→ PROVIDED DATA:
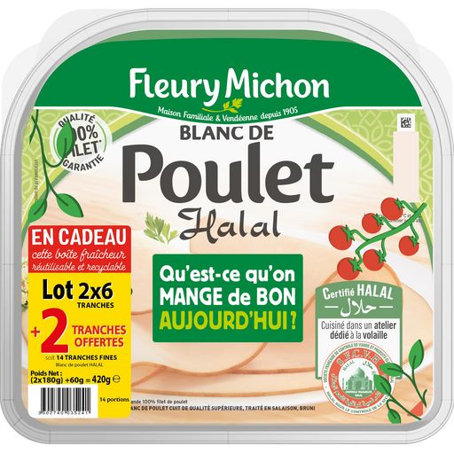 Découvrez la délicieuse recette de Blanc de Poulet Halal Fleury Michon ! Élaborée à partir de viande 100% filet et cuisinée dans le respect du rite musulman, vous allez pouvoir accompagner toutes vos envies.
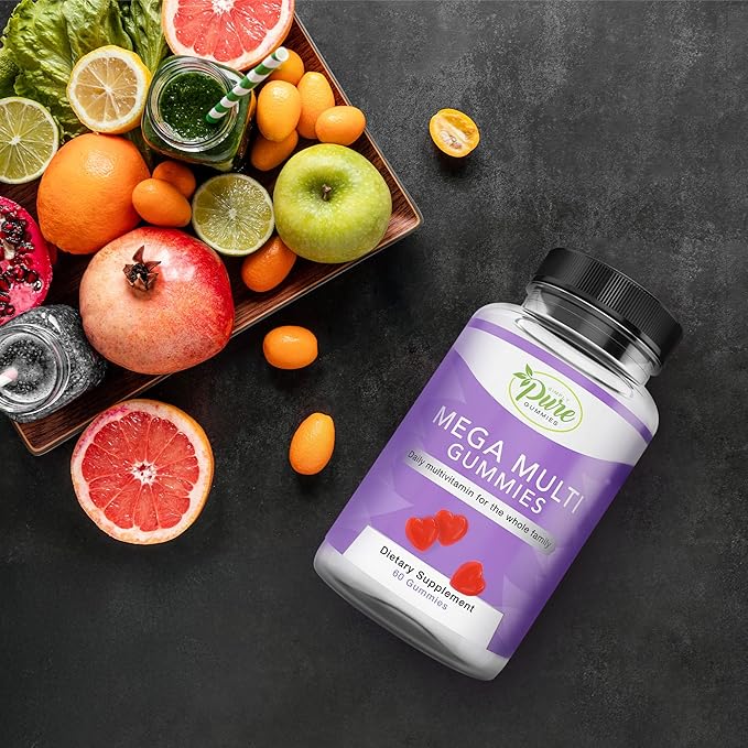 Pure By Nature Mega Multi Gummies, Natural Flavored Multi Vitamin Gummies for Women & Men, Dietary Supplement, Multivitamin for Men with Vitamins A, D2, C, E, K, Biotin, Folic Acid (60 Count)
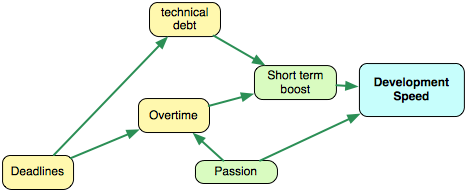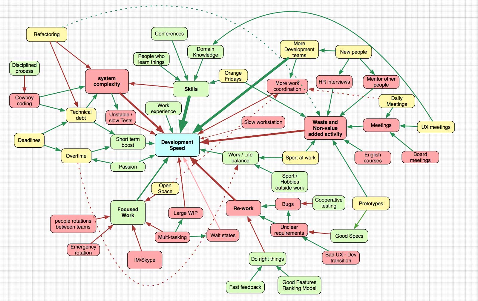 Now you can look at the diagram and ask questions like: What increases development speed? What decreases it? What can we do to create software faster (and better!)? The model may be imperfect and that is OK. You are free to modify it.

→ WHAT YOU SHOULD DO: With pictures left out, extract the lines from the one containing "Pure By Nature" to the end of the material above, both included, exactly as written.

→ PROBLEM SOLUTION:
 Pure By Nature Mega Multi Gummies, Natural Flavored Multi Vitamin Gummies for Women & Men, Dietary Supplement, Multivitamin for Men with Vitamins A, D2, C, E, K, Biotin, Folic Acid (60 Count)
 Now you can look at the diagram and ask questions like: What increases development speed? What decreases it? What can we do to create software faster (and better!)? The model may be imperfect and that is OK. You are free to modify it.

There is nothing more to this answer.